Hiranya Varna Mahavihar or Golden Temple is only a five-minute walk from Patan Durbar Square in Lalitpur. Yet many people in the immediate neighborhood and Kathmandu don’t know about it. Though named Golden Temple, it is actually a Buddhist monastery with gilded metal plates covering most of its frontage. The monastery has a ticketing service of fifty rupees for foreigners. When asked what about the Golden Temple appeals to them, a foreign couple said, “We are fascinated by the architecture of this closed courtyard Buddhist monastery which is unique. The carvings have a lot of detail. And, it is so peaceful.”  

This three-roof monastery was built in the 12th Century by King Bhaskar Verma and is adorned with a golden facade, four large gateways, a clock tower, and two lion sculptures. The main priest here is only twelve years old, replaced after a month of service. The place is a serene getaway from the hustle and bustle of the busy Patan alleys. It is clean with seating spaces to relax and to forget about your worries for a bit while marveling over the temple’s deep cultural significance and intricate architecture. 

The secretary of Golden Temple, who had also served his term as a principal priest, Lok Nath Shakya sheds light on the history and uniqueness of the place. Hiranya Varna Mahavihar’s name hiranya, which means mouse, comes from the myth of a golden mouse that chased cats. Its entrance doorway has two wooden struts carved with two important Hindu gods, Shiva and Vishnu who safeguard the place. And, the entrance door of the temple when closed pictures a carved Bhairab that is believed to safeguard people from any bad happenings. 

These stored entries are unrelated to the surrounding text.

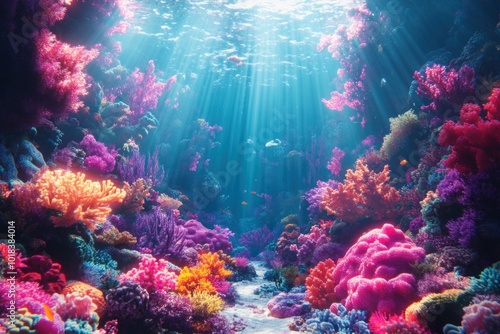 Vibrant coral reef with sunlight streaming through the water, showcasing a variety of colorful coral formations and a few small fish swimming by.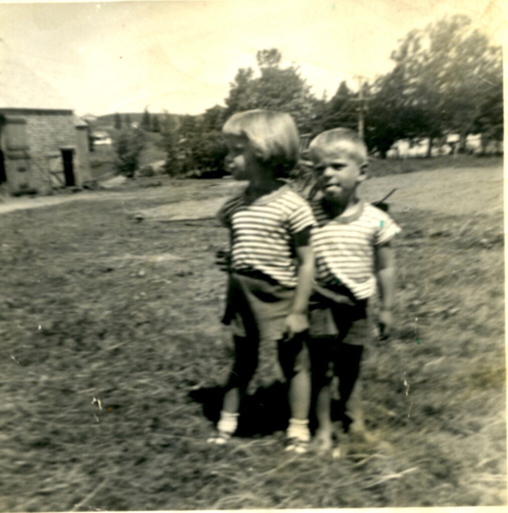 Valerie Chugg and Donald Haskett in matching striped t-shirts. Dated July 1952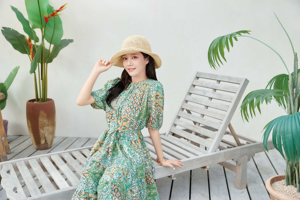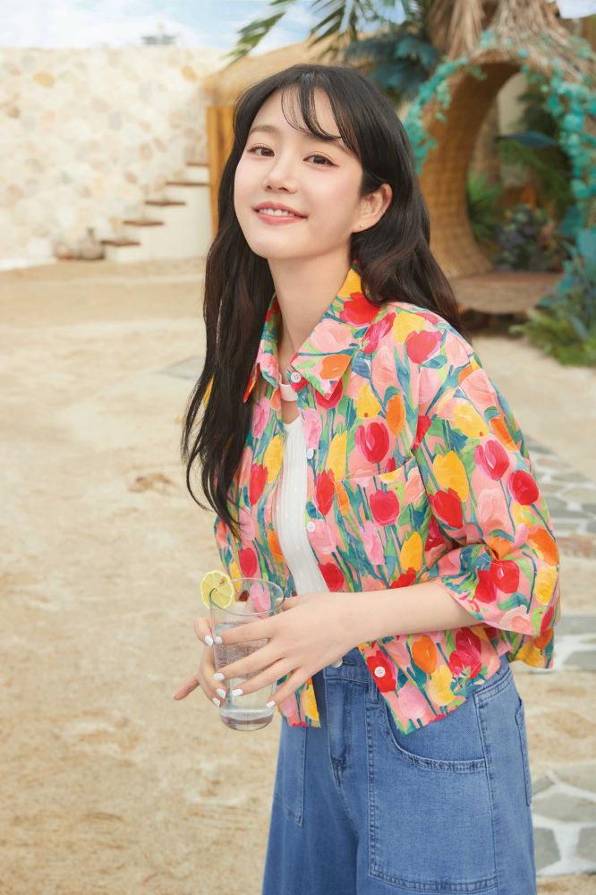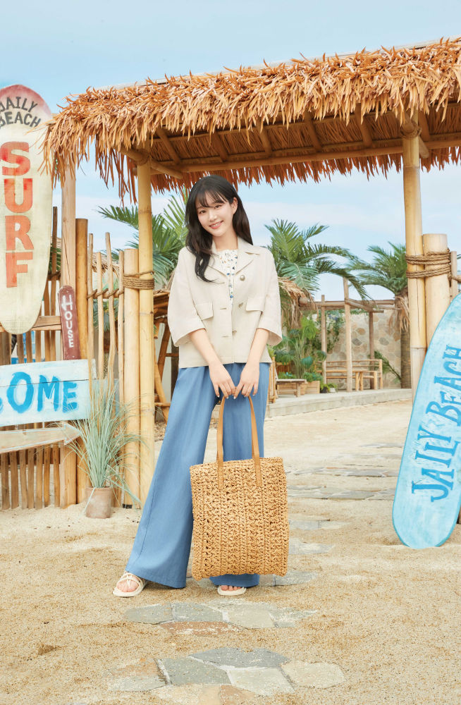또 다른 화보에서는 라이트 베이지 컬러의 린넨 자켓에 플로럴 패턴 블라우스와 루즈핏 와이드 팬츠를 매치해 휴가철 여행지에서도 입기 좋은 스타일리시한 캐주얼룩을 완성했으며, 비비드한 컬러의 플라워 프린팅 블라우스에 초커넥 반팔니트, 데님 와이드 팬츠를 매치하여 경쾌하고 산뜻한 무드의 스타일링을 선보였다.

The second door has carvings of Buddha depicting the path of practicing paramita to achieve Bodhisattva. Shakya says that the first step begins by loving others. The third door has a carved statue of the God of three yans – Śrāvakayāna, Mahāyāna and Vajrayāna, and it leads to the main courtyard. The main courtyard is the place where all the ceremonial worships take place. The wings lead to gumbas and rooms for conducting ritual feasts. The gumbas includes a wheel of life, giving off a very ‘Doctor Strange’ effect.

Photos: Pratik Rayamajhi

The principal priest of Shakya descent should be under twelve years old. Shakya says that male children of such age are deemed suitable as the Panchasheel is maintained at that age – a child doesn’t kill, tell lies, steals, has corrupt thoughts, and drinks or smokes. You will most often find the priest dressed like a ‘Bhikchhu’ and using his phone while basking in the sun when not wrapped up in his religious duties. When asked about his experience, he said he felt free. “It is difficult as I have to purify myself by bathing even when I go to the toilet. But, I feel free because nobody scolds me or makes me cry. I don’t have to do any work and I’m loved by everyone because God loves the principal priest,” he explains. The little priest even says that God often comes in his dreams and tells him to show the mirror. When asked about the mirror symbolism, Shakya says that early in the morning the priest shows the mirror to the main deity and after that the mirror is shown to all the devotees present at that moment. It is meant as a symbolism for people to get rid of all evil thoughts, anger, and selfishness.

The temple is much bigger from the inside than it seems from the outside, especially given that one enters it through a narrow lane. The tiers make for great viewing from an architectural perspective. The artwork is intricate and very detailed, and will make you wonder how such fine craftsmanship is even possible. 

There are seating spaces or ‘falcha’ along the passages around the temple. Many locals seeking for a day’s rest, a quiet time or a good bask in the winter sun come here. The monastery is also filled with tourists with camera slung around their necks. Guides accompanying them will be in deep conservation revealing the meaning behind the cultural practices and architectural symbols. 

Tourists who want to read or just love to write can be seen dotting the premises as well. The place is really quiet despite the coming and going of devotees and ongoing ceremonies. The spinning of prayer wheels, the butter lamp offerings, sights of devotees putting on red tilak and smell of incense lend the place a calm and meditative tranquility.